Starting at the first line of the entries, extract each line up to and including the one that contains "Remember: Only one sample per foil package.", but leave out the pictures.

RECORD EXCERPTS:
################

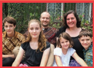
The Colvin Family
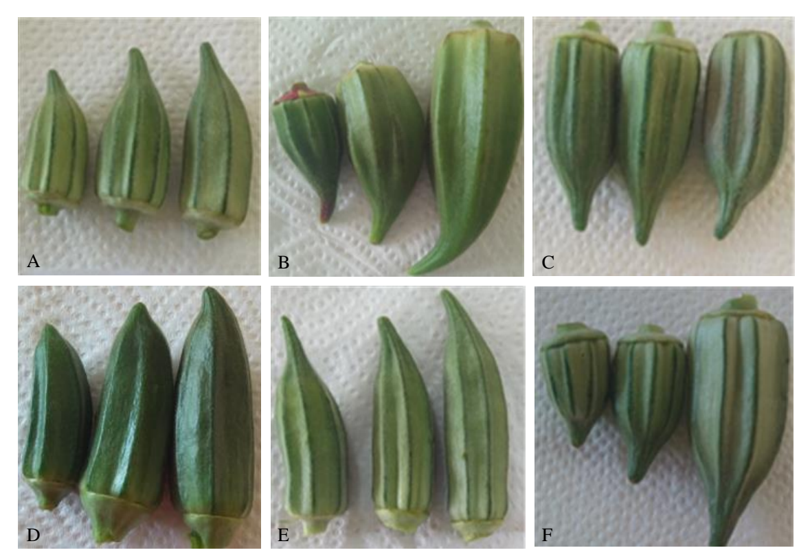
Figure 1: Varieties of Okra studied: A) F1 Yodana; B) Local; C) Kirikou; D) Kousko; E) Volta; F) Yeleen

The biological material used in this study consisted of six varieties of okra, namely F1 Yodana, Kirikou, Volta, Yeleen, Kousko and Local (Fig. 1). The samples of okra were collected in the region of Daloa (Côte d'Ivoire). They were fresh and without infections or wounds.
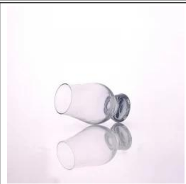
stemware beer glass
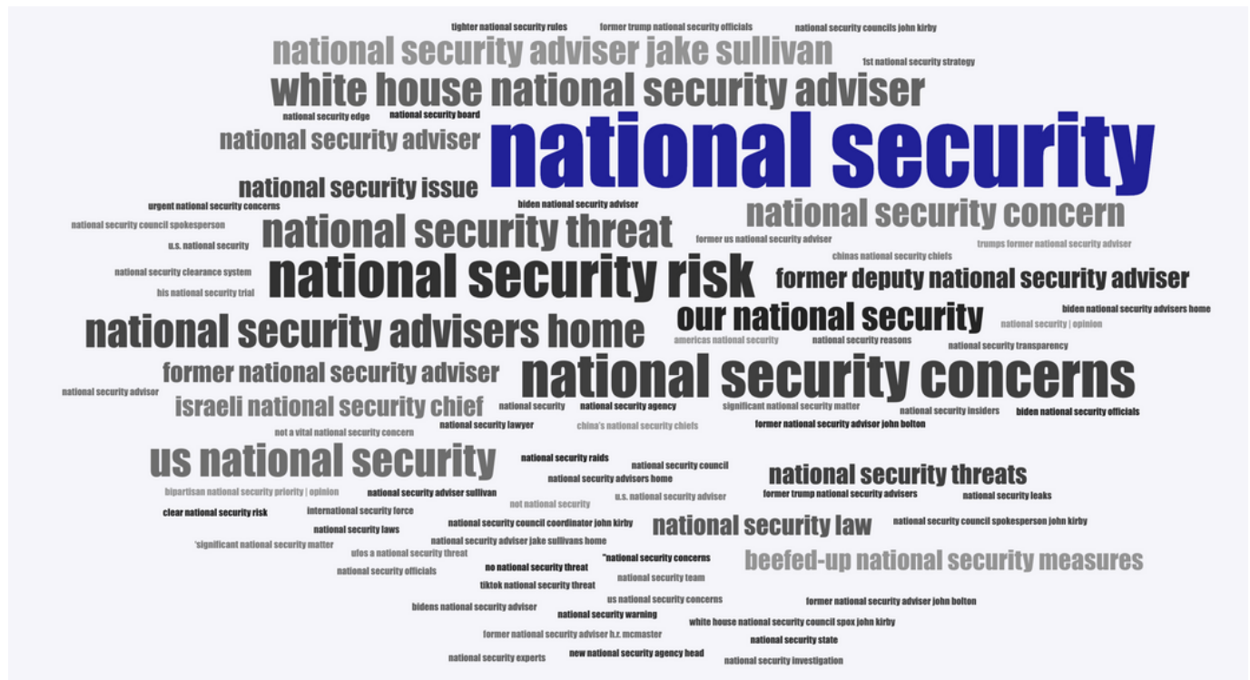
A view of the information space related to the topic of the week, based on headline frequency.

National Security defined: National security is a wide-reaching topic, but can be distilled down to the measures taken to protect a nation's citizens, sovereignty, territories, and economic stability from both internal as well as external threats. The domains of particular importance to national security include (but are not limited to) military/defense, border control, economic security, and cyber protection, while also expanding into the energy and environmental domains given the connection they can have with potential disasters and health crises. National security involves a coordinated effort from various government sectors(e.g. Executive, Legislative) to identify threats, develop counter measures, and ultimately implement its strategies.
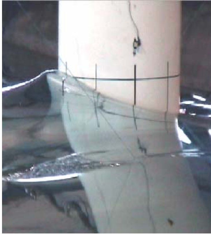
Figure 5. An image of the preliminary experiment for tsunami force on a vertical cylinder. The size of the cylinder is 0.5m in diameter in a water depth of 0.8m.
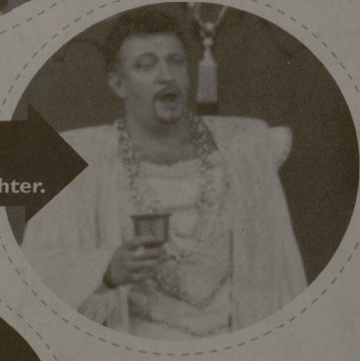
Meet THE DUKE , admirer of Rigoletto's daughter.
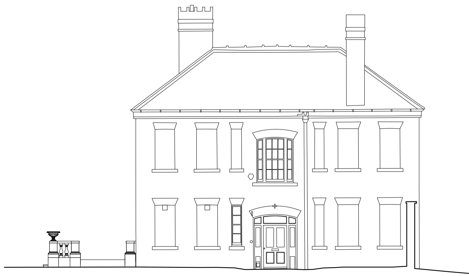
3 NORTH TERRACE WEST ELEVATION AS PROPOSED 5012 1:100 @ A1
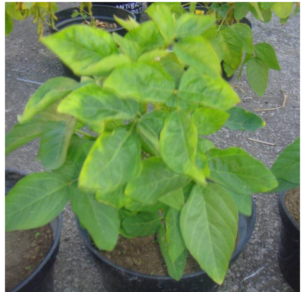
Virus CMV Virus
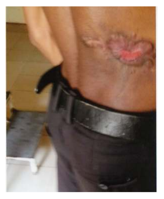
Fig. 5. A male with recurrent keloid right lower back and skin excoriation from intralesional triamcinolone injection

Patents were also treated for pruritus with antihistamines like promethazine and chlorphenyramine. A great percentage of our patients (thirteen in number constituting 41.9%) complained of pruritus and pain because of their keloids and many had psychosocial problems due to the unsightly scars. All patients wanted treatment to improve their appearance.
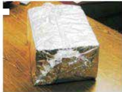
The finished foil wrapped sample should be tightly sealed on all sides.

Remember: Only one sample per foil package.
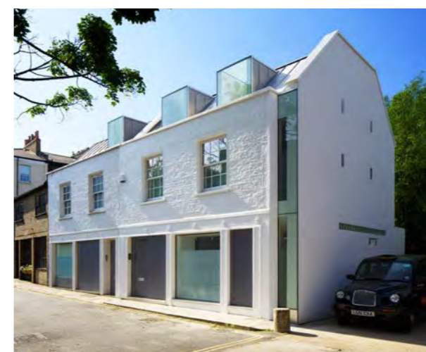
Kingstown Street, NW1 - Two neighbouring projects, both including partial rebuilds, modernisation & extensions to article 4 conservation area mews houses. Shortlisted for two 2013 Camden Design Awards 'Enhancing Context Award' and 'Don't Move, Improve Award'
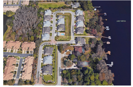
Built in 2013 - 31 units - 2 floors

Osprey Ridge of Palm Harbor Homeowners Association 4707 Osprey Ridge Cir, Palm Harbor, FL 34684 (727) 943-809

################

OUTPUT:
The Colvin Family
Figure 1: Varieties of Okra studied: A) F1 Yodana; B) Local; C) Kirikou; D) Kousko; E) Volta; F) Yeleen

The biological material used in this study consisted of six varieties of okra, namely F1 Yodana, Kirikou, Volta, Yeleen, Kousko and Local (Fig. 1). The samples of okra were collected in the region of Daloa (Côte d'Ivoire). They were fresh and without infections or wounds.
stemware beer glass
A view of the information space related to the topic of the week, based on headline frequency.

National Security defined: National security is a wide-reaching topic, but can be distilled down to the measures taken to protect a nation's citizens, sovereignty, territories, and economic stability from both internal as well as external threats. The domains of particular importance to national security include (but are not limited to) military/defense, border control, economic security, and cyber protection, while also expanding into the energy and environmental domains given the connection they can have with potential disasters and health crises. National security involves a coordinated effort from various government sectors(e.g. Executive, Legislative) to identify threats, develop counter measures, and ultimately implement its strategies.
Figure 5. An image of the preliminary experiment for tsunami force on a vertical cylinder. The size of the cylinder is 0.5m in diameter in a water depth of 0.8m.
Meet THE DUKE , admirer of Rigoletto's daughter.
3 NORTH TERRACE WEST ELEVATION AS PROPOSED 5012 1:100 @ A1
Virus CMV Virus
Fig. 5. A male with recurrent keloid right lower back and skin excoriation from intralesional triamcinolone injection

Patents were also treated for pruritus with antihistamines like promethazine and chlorphenyramine. A great percentage of our patients (thirteen in number constituting 41.9%) complained of pruritus and pain because of their keloids and many had psychosocial problems due to the unsightly scars. All patients wanted treatment to improve their appearance.
The finished foil wrapped sample should be tightly sealed on all sides.

Remember: Only one sample per foil package.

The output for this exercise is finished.